NFL Hall of Famer Terrell Owens made a big name for himself as a wide receiver for multiple teams in the league. In 1996, after being drafted out of Tennessee-Chattanooga as a third-round pick for the San Francisco 49ers, Owens played alongside his hero, Jerry Rice, while on the rise to setting new records, per the Pro Football Hall of Fame. Before leaving to play for the Philadelphia Eagles, Owens led the 49ers in receptions five times and still holds the team’s second-highest record for receptions (592), yards (8,572), and TDs (81). Throughout his entire career, Owens was a five-time All-Pro, a four-time All-NFC choice, and played in six Pro Bowls. Along with his incredible work as a pro athlete, Owens also became a humanitarian, actor, motivational speaker, and a businessman — all of which were successful, except for the businessman part.

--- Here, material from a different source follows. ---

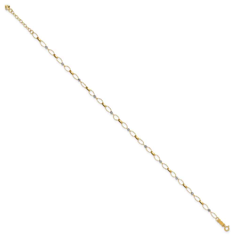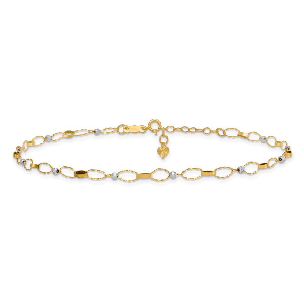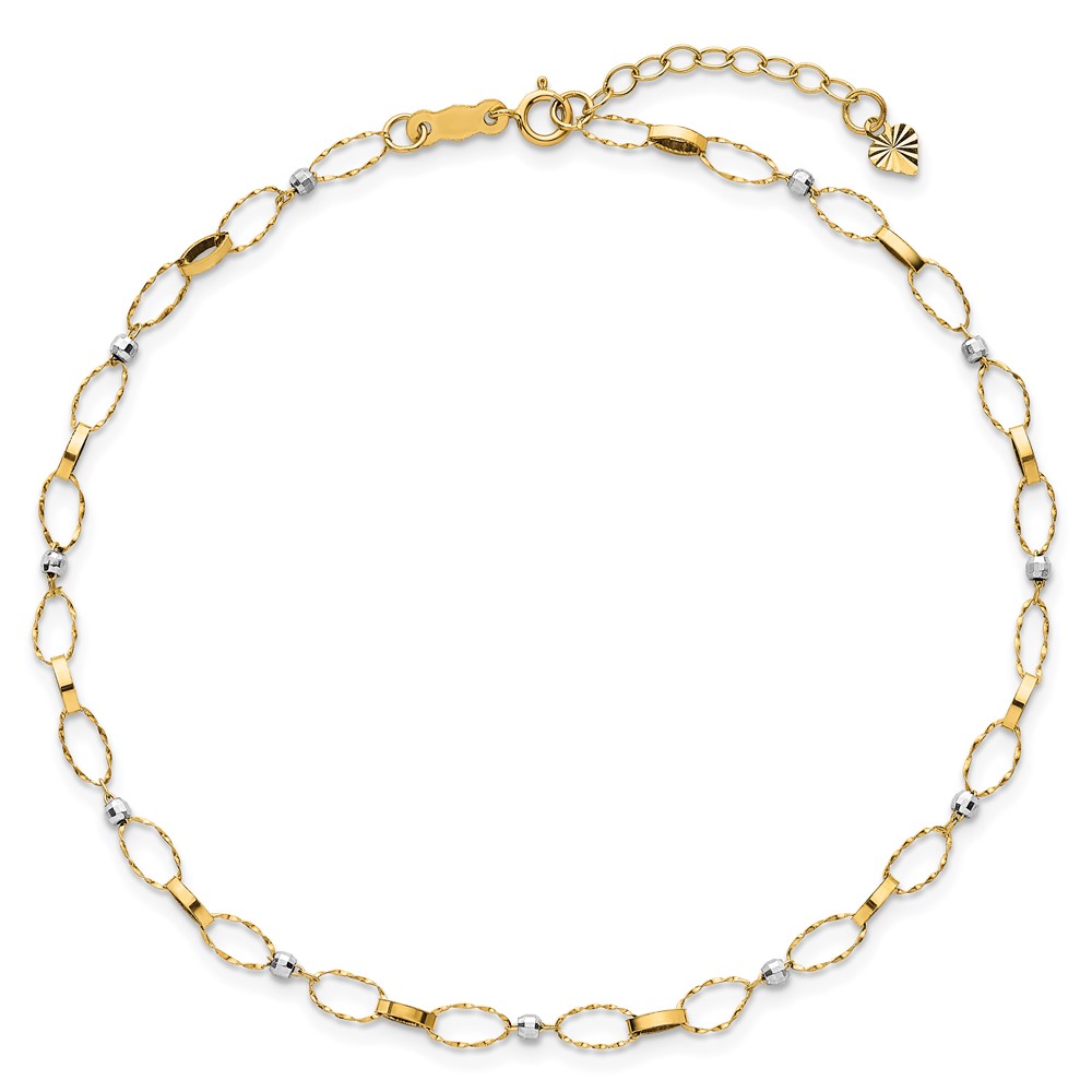 14k Two-tone Twisted Links and Mirror Beads Plus Extender – Total Anklet

According to Sportscasting, T.O. earned almost $80 million during his career as a pro football player. Eventually, Owens started getting into business, which led to a string of bad luck involving everything from shady business partners to the 2008 recession — another NFL star in a surprisingly tough financial situation.
During an interview with GQ in 2012, Owens described himself as too trusting of others. Then, Owens mentioned how it all started going downhill after he allowed financial advisors to place his money in “risky, highly leveraged ventures” which he didn’t find out about until much later.
Terrell Owens' downfall and comeback
After buying expensive houses and condos, T.O. hoped he would be able to rent them out; however, after the 2008 Recession hit, that wouldn’t be possible. Owens also mentioned “a guy who I’d helped when his grandmother passed,” ended up with almost $300,000 after slowly taking it from one of his accounts. T.O. later got his money back, but such experiences left him angry and distrustful of others. “I hate myself for letting this happen,” he told GQ. “I believed that they had my back when they said, ‘You take care of the football, and we’ll do the rest.’ And in the end, they just basically stole from me.”
Along with his mistakes in business, Owens ended up owing significant levels of child support. Owens was ordered to pay a total of $44,600 a month for the four children he fathered with various women. “If there’s anything I’m sorry about, it’s getting involved with all that.”
Despite his business failures, T.O. decided to keep at it, starting a barbershop called T.O. Cutz. He recently announced a new line of Athleisure wear called Prototype 81, per Fan Nation. Owens is also hosting a podcast called Getcha Popcorn Ready with T.O. and Hatch, with cohost Matthew Hatchette, which features — what else? — football.